Opinions? @daniels ?

I think multiple threads in one process would be great, especially for debugging.

Not forking means the first sub-test that fails will stop the whole test (that is one Meson test()). The only way around that is that Meson would have one test() for each sub-test, which means each sub-test gets e.g. the compositor started from scratch. It would improve parallelism and test reporting, and cause a lot more work in running the tests in total. I have an idea how to make that neatly happen, but should I?

I'm already making each sub-test runnable in isolation for debugging purposes.

Currently in master we run each Meson test() in parallel, and each sub-test serially within (with forking).

I just realized something.

Running the tests in a thread instead of a forked process means we must stop using assert() if we want to continue running the current executable after a failing test.

That can be left for later though, if necessary. We have no tests we'd expect to fail like that. It does mean the fail counts will not be accurate... unless, I fake a skip count.

Ah, but I can't fake skip counts because it's dead by then.

That can be left for later though, if necessary. We have no tests we'd expect to fail like that. It does mean the fail counts will not be accurate... unless, I fake a skip count.

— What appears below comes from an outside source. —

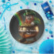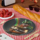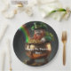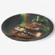 A paper plate with a leprechaun carrying a pot of gold with a rainbow behind him. You can edit or personalize the text. Matching products available.
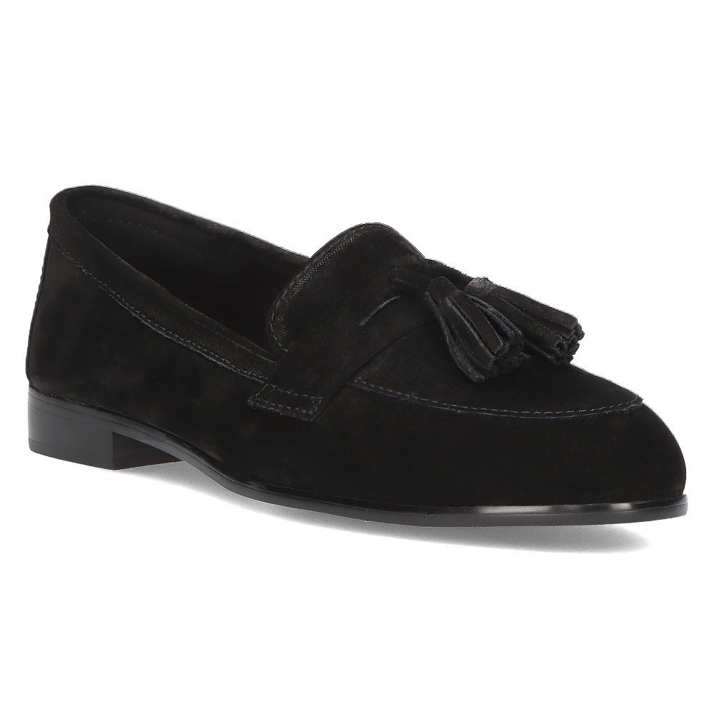Les mocassins ont un bout rond et un talon plat, ce qui en fait une solution parfaite pour diverses occasions, du travail aux réunions sociales. Ils se caractérisent par un design minimaliste dans une couleur noire classique, ce qui les rend faciles à combiner avec de nombreux styles. Les franges ajoutent de l'originalité et du charme féminin.

Right. Given that we don't have expected-fail/expected-skip subtests, any subtest failing is a bug which needs to be fixed immediately. So it's slightly annoying to the developer that they have to fix the subtests one by one rather than being able to see up front a complete list of what's passing and failing, but not catastrophic I don't think.

Improving that at some point in the future with a real test framework (I don't really care which one it is - ZUC, GTest, check, whatever) would be great, but I don't really see a reason to tie 'rewrite all the tests away from assert()' in with 'move more harness setup into the tests themselves'.

Ok. I assume that I should just make multiple runs a.k.a fixture setups work and move the test configuration completely into the test .c files, but not yet consider moving on to a proper test harness like Check.

Test suite hierarchy:

test executables (the individual .c files)
- fixture setup
  - named tests (using the TEST macro et al.)
    - sub-cases (from the data array with TEST_P macro)

This hierarchy also implies that that test setups are completely defined inside the executables, and not partially in meson.build like they used to be.

The fixture setup level is new. It is needed for running the same test executable in different e.g. Weston configurations. This will be used for running screenshot-based tests with both Pixman- and GL-renderer.

Meson would be able to create test() targets separately even down to the sub-case level if we want to, by recording just the number of { fixture setups, named tests } and for each named test the number of sub-cases in meson.build and iterating over them. The test executable would be passed an argument defining the exact test to run: fixturenumber/testnumber.subnumber and an additional argument fixturemax/testmax.submax so that the test executable can verify meson.build file is up-to-date. Hence the only bits we need to maintain in meson.build are the counts of tests for each executable.

This same notation should allow manually running a specific test, without the verification argument.

Creating separate Meson test() down to the sub-level probably becomes a little inconvenient to maintain in meson.build, so maybe it is best to limit to the named test level or fixture level.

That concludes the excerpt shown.